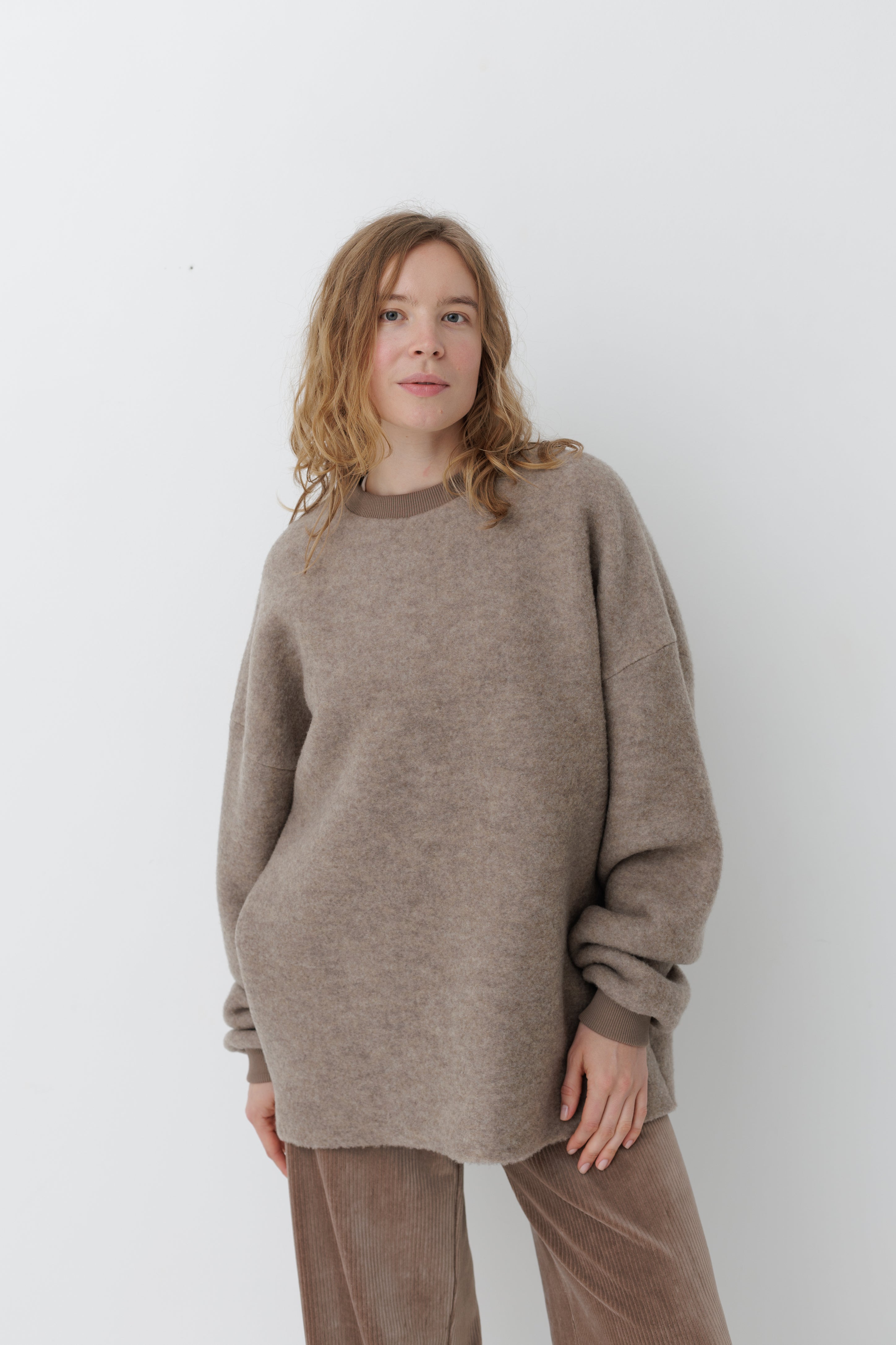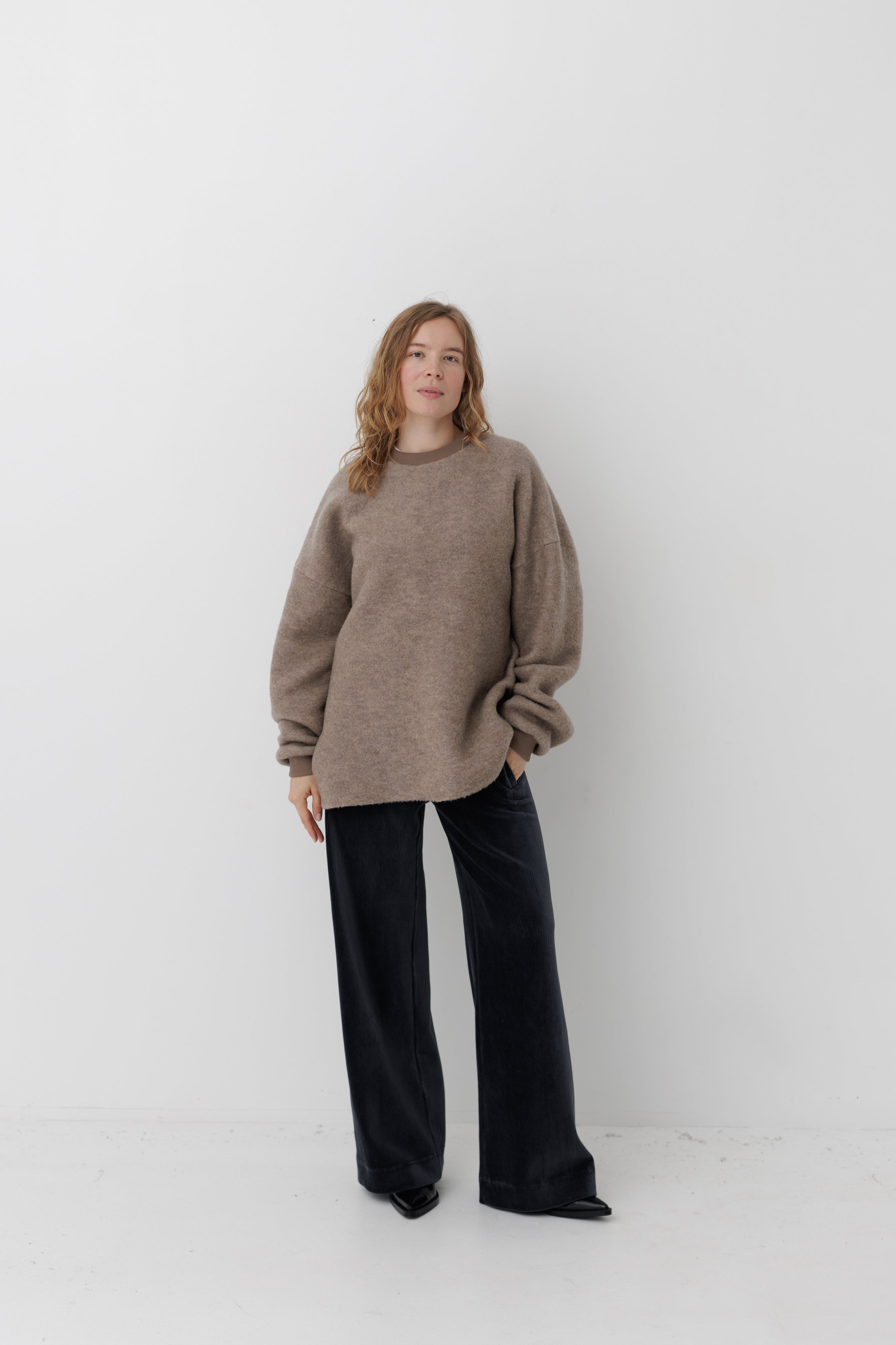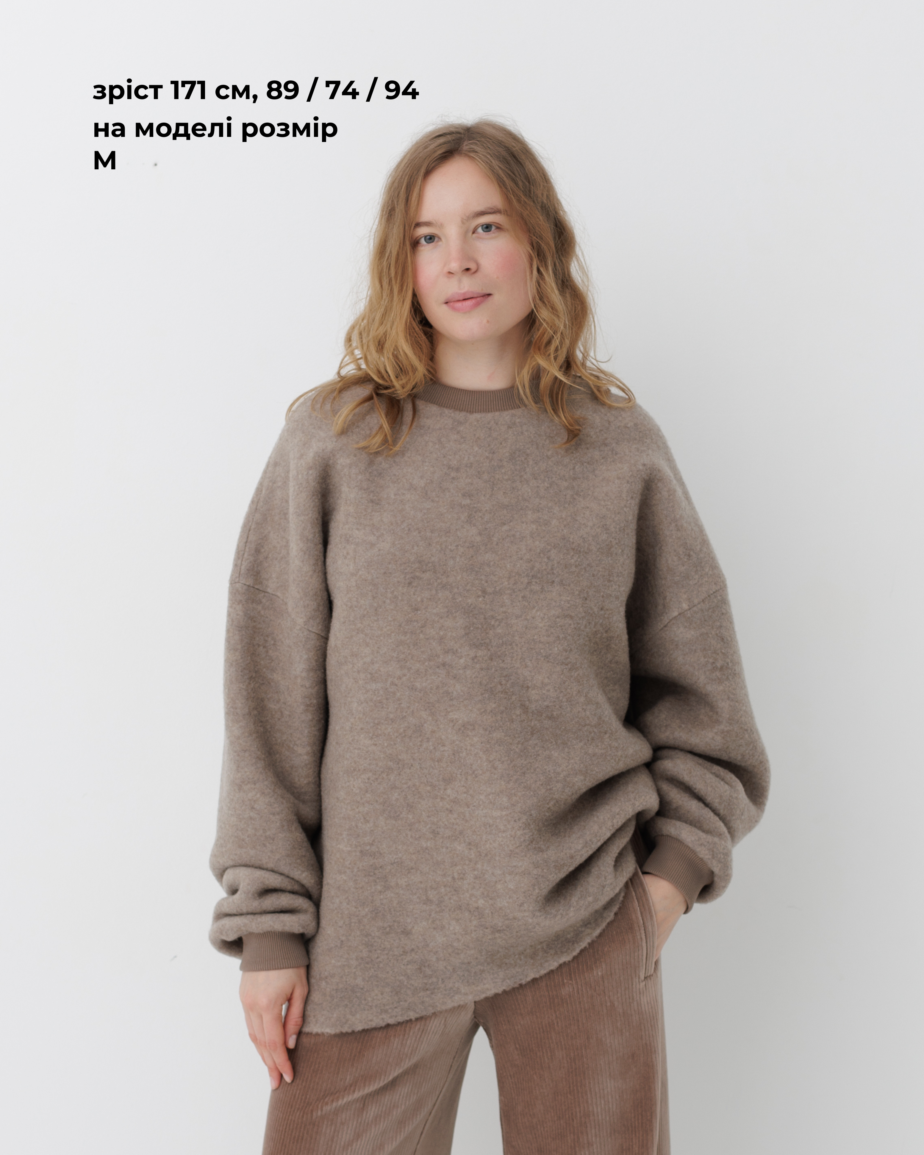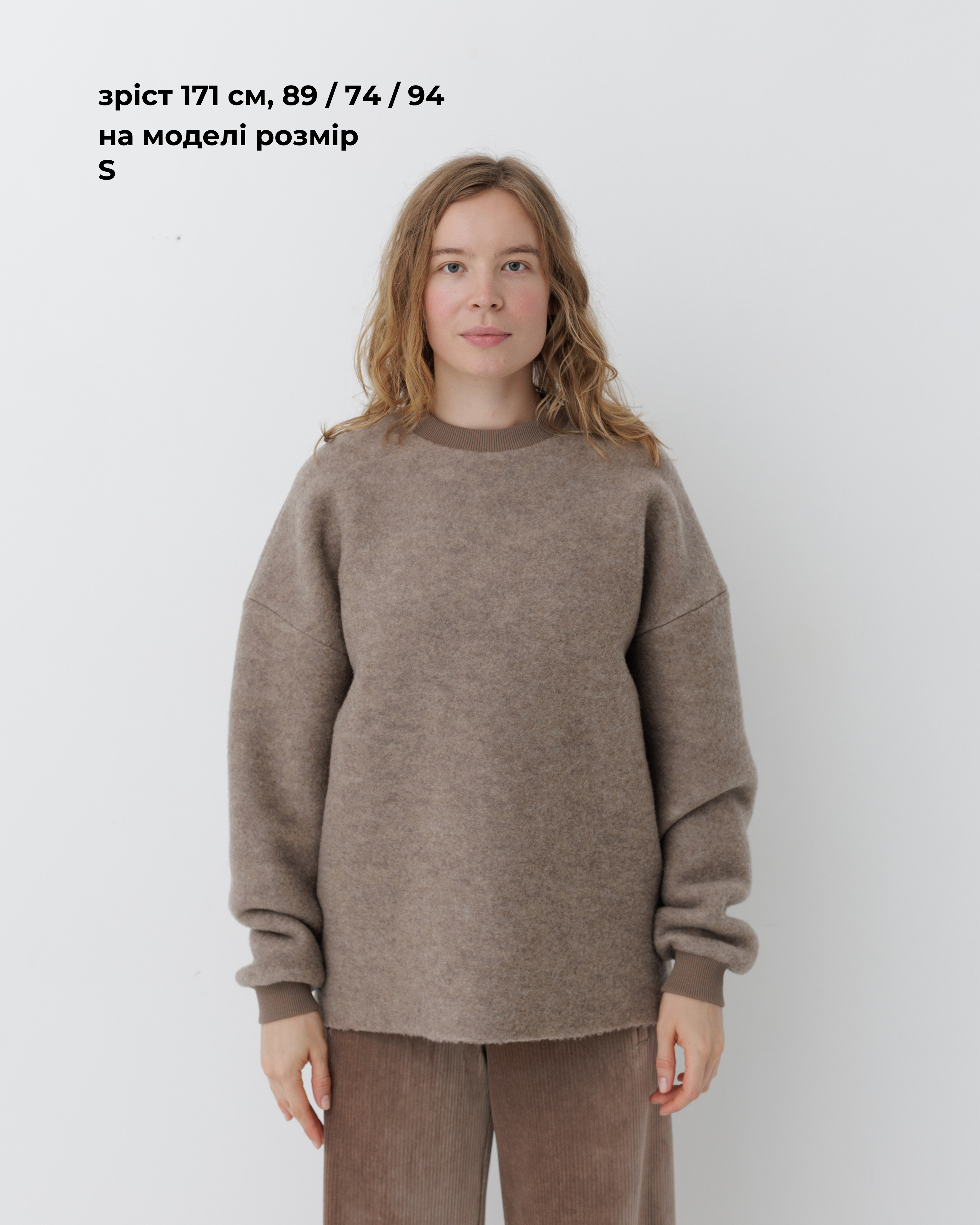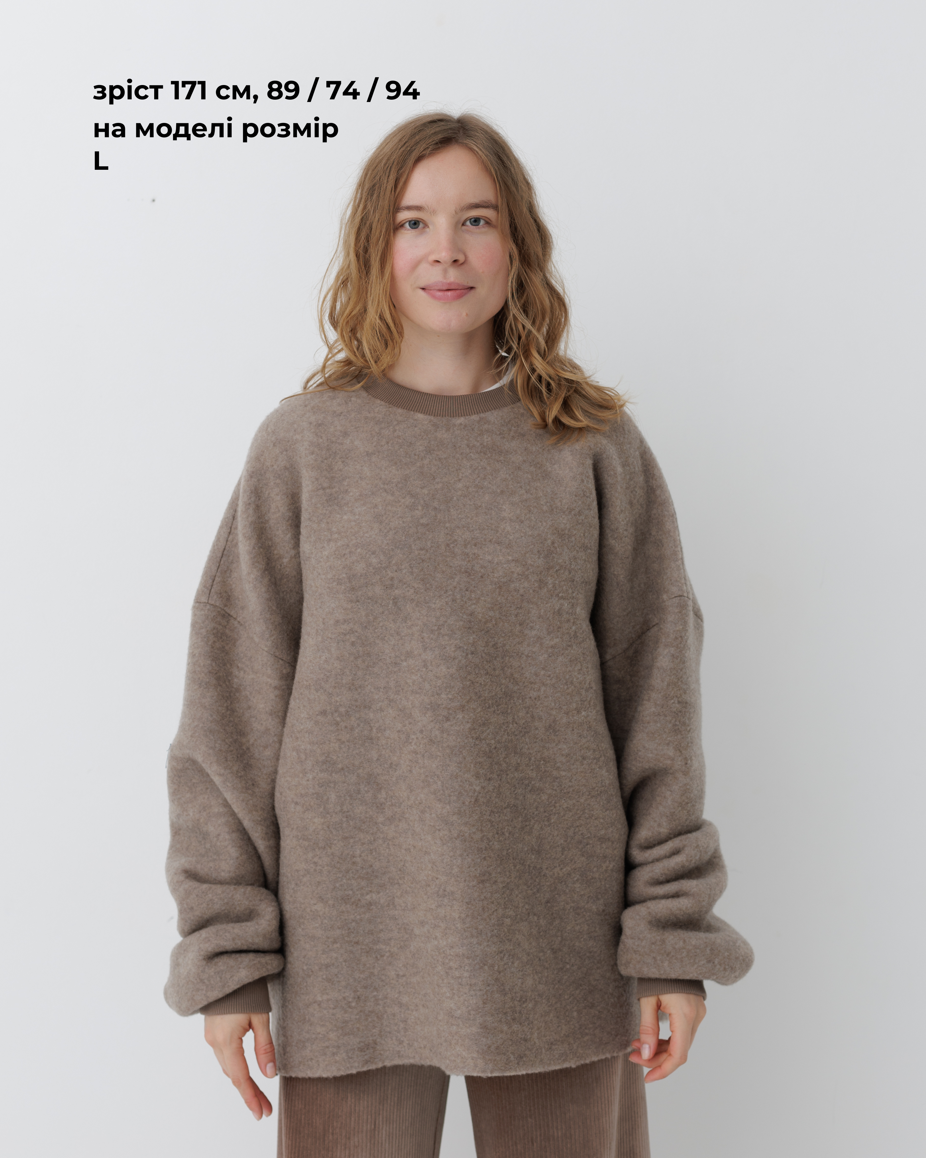 Вовняний светр формату унісекс. Виготовлений з преміальної тканини, у складі якої 84% вовни та 16% нейлону. Об'ємна та вільна посадка зі спущеним плечем.
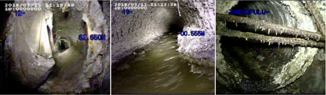這幾張就是在剛才那個(gè)冒出很多污水的農(nóng)貿(mào)市場(chǎng)下面拍的。最左邊這種叫沉積和堵塞,這么大的井口縮成了這么點(diǎn)。第二個(gè)是鋼筋混凝土的腐蝕,就像我們的血管被腐蝕了。第三個(gè)是建筑垃圾,有時(shí)會(huì)損壞管道,形成穿刺。
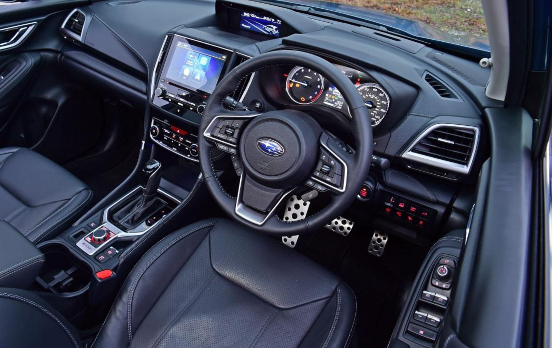 کابین فارستر همانند دیگر محصولات سوبارو اهمیت زیادی به تکنولوژی داده ولی تا حدی عجیب است چراکه فرمانی با دکمه‌های زیاد، پشت آمپرها و صفحه‌نمایش 8 اینچی دیده می‌شود.
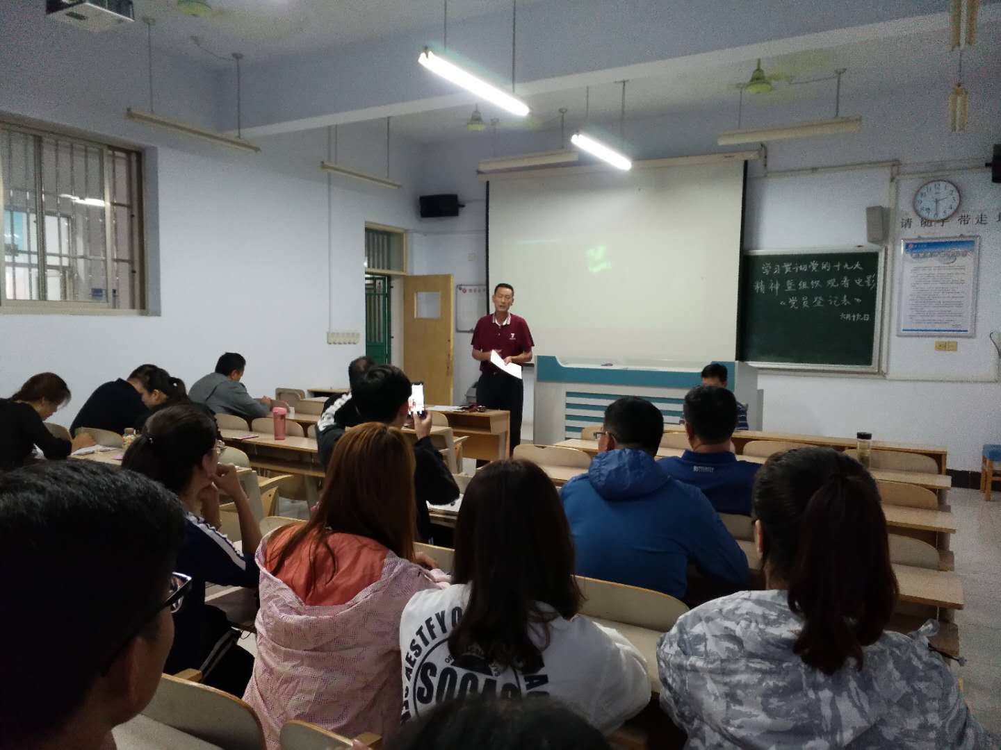 影片播放前,谢旭东院长做了介绍。对故事的背景进行了剧透,引起了大家强烈的兴趣。播放过程中,大家聚精会神,被主人翁命运吸引,心情随着情节的深入而跌宕起伏。看到党员牺牲的情节,有的党员忍不住流泪。

———

Task brief: Repeat the full listing above exactly, with no pictures in the copy.

Result below:
 Вовняний светр формату унісекс. Виготовлений з преміальної тканини, у складі якої 84% вовни та 16% нейлону. Об'ємна та вільна посадка зі спущеним плечем.
這幾張就是在剛才那個(gè)冒出很多污水的農(nóng)貿(mào)市場(chǎng)下面拍的。最左邊這種叫沉積和堵塞,這么大的井口縮成了這么點(diǎn)。第二個(gè)是鋼筋混凝土的腐蝕,就像我們的血管被腐蝕了。第三個(gè)是建筑垃圾,有時(shí)會(huì)損壞管道,形成穿刺。
 کابین فارستر همانند دیگر محصولات سوبارو اهمیت زیادی به تکنولوژی داده ولی تا حدی عجیب است چراکه فرمانی با دکمه‌های زیاد، پشت آمپرها و صفحه‌نمایش 8 اینچی دیده می‌شود.
 影片播放前,谢旭东院长做了介绍。对故事的背景进行了剧透,引起了大家强烈的兴趣。播放过程中,大家聚精会神,被主人翁命运吸引,心情随着情节的深入而跌宕起伏。看到党员牺牲的情节,有的党员忍不住流泪。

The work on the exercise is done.